* _Supplied information_:
#####

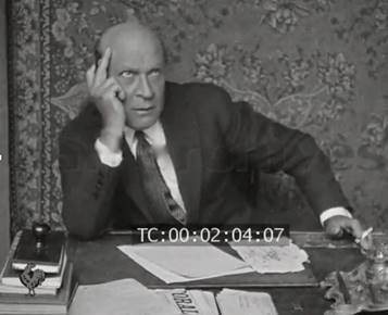 Une troisième série de cas est celle de la situation oratoire, qui nous confronte à cette scène si étrange, et cependant si fréquente dans les séquences filmées : le sublime sans objet de la déclamation muette et de l’éloquence supposée. C’est le cas avec Jean Aicard, ou bien Tristan Bernard (Fig. 30)28, dont l’éloquence, qui se déploie dans un décor minimaliste réduit à deux objets, ou même à rien, concentre toute l’attention sur une parole dont le flot est porté par l’articulation appuyée de la mâchoire et de la gestuelle : de ce mutisme paradoxal résulte une conscience d’autant plus aiguë de la force poétique du sujet qu’elle se pratique in absentia, épurant et sublimant un texte non plus écouté, mais deviné sur les lèvres, et en définitive, imaginé.
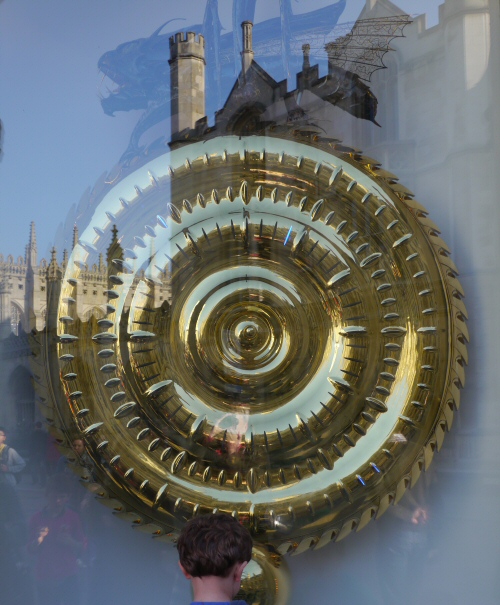 Corpus Christi College clock - corner of King's Parade and Benet Street. New, modern design with flashing lights and a mechanical insect crawling over the top. Watch you don't get injured by a cyclist if you step out into the street to take a photograph of this monster.
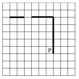 На бесконечном поле есть горизонтальная и вертикальная стены. Правый конец горизонтальной стены соединён с верхним концом вертикальной стены. Длины стен неизвестны. В горизонтальной стене есть ровно один проход, точное место прохода и его ширина неизвестны. Робот находится в клетке, расположенной рядом с вертикальной стеной слева от её нижнего конца.
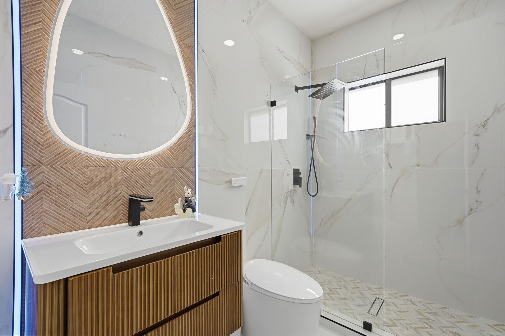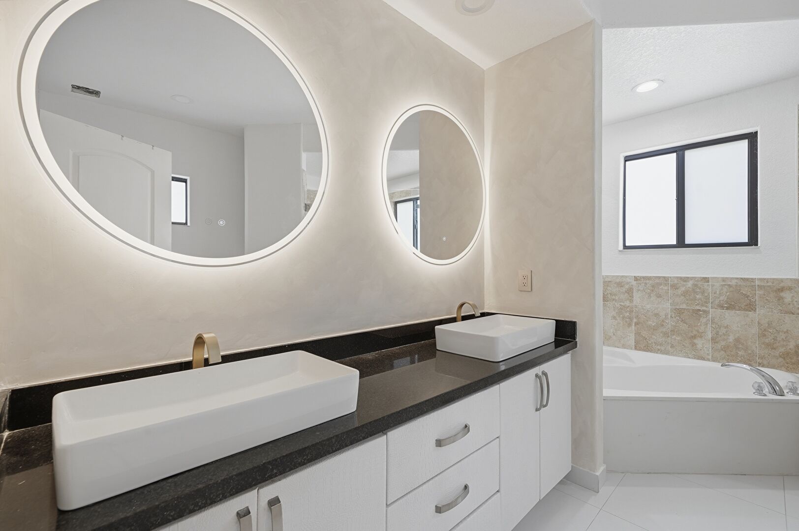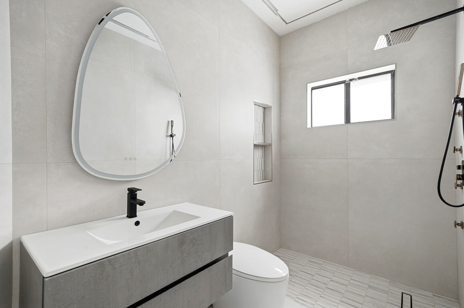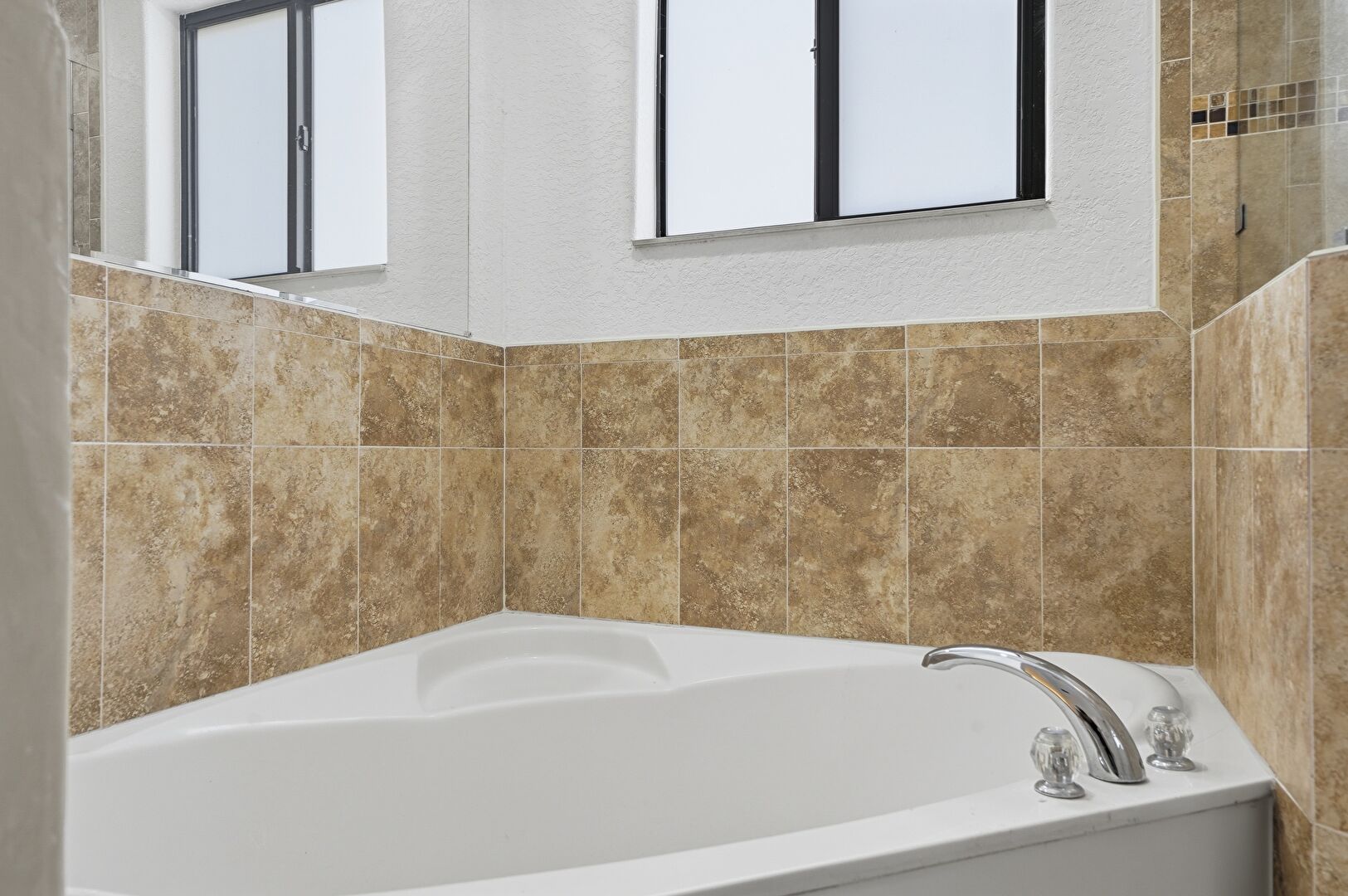Baseboards Wall, Bidet, Drywall, Full Bathroom, Natural Light, Recessed Lighting, Textured Wall, Tile Floor, Vanity, Vent, Double Vanity, Natural Light, Textured Ceiling

#####

* _What is being asked_: Begin at the line that contains "Corpus Christi College" and transcribe every line through the end of the listing, exactly as written. Omit the pictures.

* _Task output_:
 Corpus Christi College clock - corner of King's Parade and Benet Street. New, modern design with flashing lights and a mechanical insect crawling over the top. Watch you don't get injured by a cyclist if you step out into the street to take a photograph of this monster.
 На бесконечном поле есть горизонтальная и вертикальная стены. Правый конец горизонтальной стены соединён с верхним концом вертикальной стены. Длины стен неизвестны. В горизонтальной стене есть ровно один проход, точное место прохода и его ширина неизвестны. Робот находится в клетке, расположенной рядом с вертикальной стеной слева от её нижнего конца.
Baseboards Wall, Bidet, Drywall, Full Bathroom, Natural Light, Recessed Lighting, Textured Wall, Tile Floor, Vanity, Vent, Double Vanity, Natural Light, Textured Ceiling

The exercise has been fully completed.